Dataset excerpts »
+ + + + + + +

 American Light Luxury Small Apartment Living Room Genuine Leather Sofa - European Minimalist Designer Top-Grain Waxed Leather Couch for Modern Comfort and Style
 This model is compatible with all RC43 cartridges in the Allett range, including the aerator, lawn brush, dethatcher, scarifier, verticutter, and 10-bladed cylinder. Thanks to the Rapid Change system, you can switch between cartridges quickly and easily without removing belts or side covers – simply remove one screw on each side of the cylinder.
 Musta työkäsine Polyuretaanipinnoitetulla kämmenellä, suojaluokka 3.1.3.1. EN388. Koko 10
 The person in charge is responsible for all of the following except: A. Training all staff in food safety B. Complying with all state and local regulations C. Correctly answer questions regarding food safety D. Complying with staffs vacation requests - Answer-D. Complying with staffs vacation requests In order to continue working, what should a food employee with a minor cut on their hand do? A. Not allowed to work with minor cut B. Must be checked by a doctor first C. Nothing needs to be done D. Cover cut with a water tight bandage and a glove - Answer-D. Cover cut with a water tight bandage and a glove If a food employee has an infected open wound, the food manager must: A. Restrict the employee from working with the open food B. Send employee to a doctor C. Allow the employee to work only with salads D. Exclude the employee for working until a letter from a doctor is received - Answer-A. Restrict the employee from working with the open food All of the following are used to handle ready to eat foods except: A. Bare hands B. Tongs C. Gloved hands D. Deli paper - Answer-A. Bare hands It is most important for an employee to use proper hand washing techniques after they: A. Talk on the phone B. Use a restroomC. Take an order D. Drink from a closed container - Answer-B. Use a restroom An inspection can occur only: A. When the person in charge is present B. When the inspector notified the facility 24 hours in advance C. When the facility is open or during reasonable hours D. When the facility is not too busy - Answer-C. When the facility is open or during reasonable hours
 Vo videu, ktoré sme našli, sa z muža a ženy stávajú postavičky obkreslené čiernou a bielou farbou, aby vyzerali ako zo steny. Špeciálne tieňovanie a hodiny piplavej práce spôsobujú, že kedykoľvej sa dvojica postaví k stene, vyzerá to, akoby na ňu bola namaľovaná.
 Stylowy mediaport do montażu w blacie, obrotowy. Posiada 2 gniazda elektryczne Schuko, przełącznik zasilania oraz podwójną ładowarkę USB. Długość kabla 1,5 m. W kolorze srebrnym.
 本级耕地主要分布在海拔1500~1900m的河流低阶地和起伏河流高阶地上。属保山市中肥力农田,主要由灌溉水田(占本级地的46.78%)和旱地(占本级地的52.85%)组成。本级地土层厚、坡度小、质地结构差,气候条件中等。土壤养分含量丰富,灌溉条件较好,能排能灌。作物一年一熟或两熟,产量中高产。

+ + + + + + +

Repeat all entries. Match them exactly.

 American Light Luxury Small Apartment Living Room Genuine Leather Sofa - European Minimalist Designer Top-Grain Waxed Leather Couch for Modern Comfort and Style
 This model is compatible with all RC43 cartridges in the Allett range, including the aerator, lawn brush, dethatcher, scarifier, verticutter, and 10-bladed cylinder. Thanks to the Rapid Change system, you can switch between cartridges quickly and easily without removing belts or side covers – simply remove one screw on each side of the cylinder.
 Musta työkäsine Polyuretaanipinnoitetulla kämmenellä, suojaluokka 3.1.3.1. EN388. Koko 10
 The person in charge is responsible for all of the following except: A. Training all staff in food safety B. Complying with all state and local regulations C. Correctly answer questions regarding food safety D. Complying with staffs vacation requests - Answer-D. Complying with staffs vacation requests In order to continue working, what should a food employee with a minor cut on their hand do? A. Not allowed to work with minor cut B. Must be checked by a doctor first C. Nothing needs to be done D. Cover cut with a water tight bandage and a glove - Answer-D. Cover cut with a water tight bandage and a glove If a food employee has an infected open wound, the food manager must: A. Restrict the employee from working with the open food B. Send employee to a doctor C. Allow the employee to work only with salads D. Exclude the employee for working until a letter from a doctor is received - Answer-A. Restrict the employee from working with the open food All of the following are used to handle ready to eat foods except: A. Bare hands B. Tongs C. Gloved hands D. Deli paper - Answer-A. Bare hands It is most important for an employee to use proper hand washing techniques after they: A. Talk on the phone B. Use a restroomC. Take an order D. Drink from a closed container - Answer-B. Use a restroom An inspection can occur only: A. When the person in charge is present B. When the inspector notified the facility 24 hours in advance C. When the facility is open or during reasonable hours D. When the facility is not too busy - Answer-C. When the facility is open or during reasonable hours
 Vo videu, ktoré sme našli, sa z muža a ženy stávajú postavičky obkreslené čiernou a bielou farbou, aby vyzerali ako zo steny. Špeciálne tieňovanie a hodiny piplavej práce spôsobujú, že kedykoľvej sa dvojica postaví k stene, vyzerá to, akoby na ňu bola namaľovaná.
 Stylowy mediaport do montażu w blacie, obrotowy. Posiada 2 gniazda elektryczne Schuko, przełącznik zasilania oraz podwójną ładowarkę USB. Długość kabla 1,5 m. W kolorze srebrnym.
 本级耕地主要分布在海拔1500~1900m的河流低阶地和起伏河流高阶地上。属保山市中肥力农田,主要由灌溉水田(占本级地的46.78%)和旱地(占本级地的52.85%)组成。本级地土层厚、坡度小、质地结构差,气候条件中等。土壤养分含量丰富,灌溉条件较好,能排能灌。作物一年一熟或两熟,产量中高产。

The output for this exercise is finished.